Mars Image Content Classification: Three Years of NASA Deployment and Recent Advances

Authors

  • Kiri Wagstaff Jet Propulsion Laboratory, California Institute of Technology
  • Steven Lu Jet Propulsion Laboratory, California Institute of Technology
  • Emily Dunkel Jet Propulsion Laboratory, California Institute of Technology
  • Kevin Grimes Jet Propulsion Laboratory, California Institute of Technology
  • Brandon Zhao Duke University
  • Jesse Cai California Institute of Technology
  • Shoshanna B. Cole Space Science Institute
  • Gary Doran Jet Propulsion Laboratory, California Institute of Technology
  • Raymond Francis Jet Propulsion Laboratory, California Institute of Technology
  • Jake Lee Jet Propulsion Laboratory, California Institute of Technology
  • Lukas Mandrake Jet Propulsion Laboratory, California Institute of Technology

Keywords:

Image Classification, Class Discovery, Classifier Calibration, Mars

Abstract

The NASA Planetary Data System hosts millions of images acquired from the planet Mars.
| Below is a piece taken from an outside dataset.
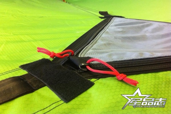 帳篷的主體由高強(qiáng)度尼龍/聚酯復(fù)合面料制成,足夠結(jié)實(shí),并具備較強(qiáng)的防水性。帳頂部分采用防撕尼龍網(wǎng),面料上的網(wǎng)眼偏細(xì),可在通風(fēng)透氣的同時(shí),起到一定的防蟲、防塵效果。Stingray配有可拆卸式防雨帳,由聚酯材料制成,并經(jīng)防水涂層處理。安裝防雨帳后,帳篷可防小到中雨。另外Stingray還配備了2根直徑為8.5mm的7001 T6鋁合金帳桿,用于將帳篷搭建。3個(gè)金屬棘輪扣以及3條長6m的尼龍固定帶,是用來與樹木固定的。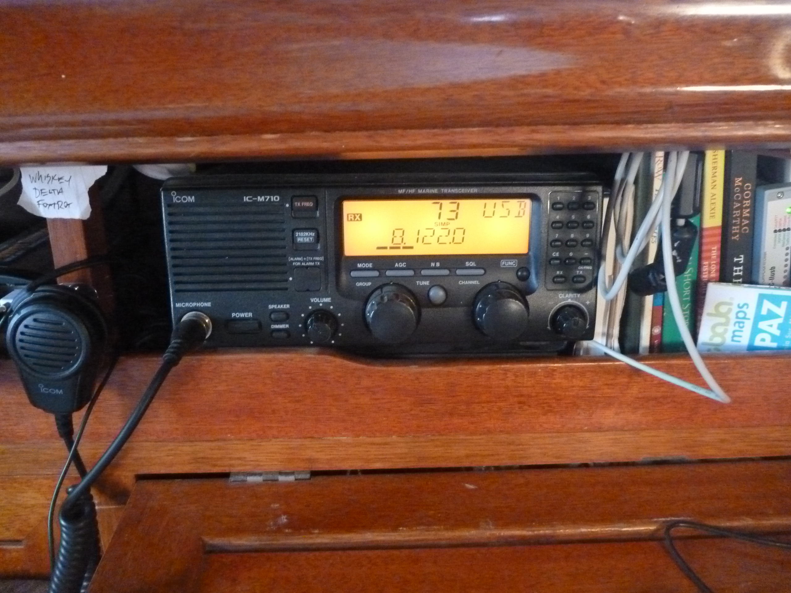 When not in a marina and thus beyond the reach of WIFI, Murre uses single sideband radio to communicate with shore. This technology allows voice communication with stations at great distance. Murre has heard news from China, game shows from Australia and has spoken with Oregon and El Salvador. When connected to a very slow and very loud modem on board, a modem I’ve attempted to quiet by sandwiching it on the bookshelf between Shakespeare’s Much Ado about Nothing and Pablo Martinez’s “only true and accurate” History of Lower California, the radio allows me to send and receive simple, all-text emails via a network of global receiver stations managed by Sailmail. And this is how I will tell YOTREPS, and you, where Murre is today.

To help users quickly find images of interest, we have developed and deployed content-based classification and search capabilities for Mars orbital and surface images. The deployed systems are publicly accessible using the PDS Image Atlas. We describe the process of training, evaluating, calibrating, and deploying updates to two CNN classifiers for images collected by Mars missions. We also report on three years of deployment including usage statistics, lessons learned, and plans for the future.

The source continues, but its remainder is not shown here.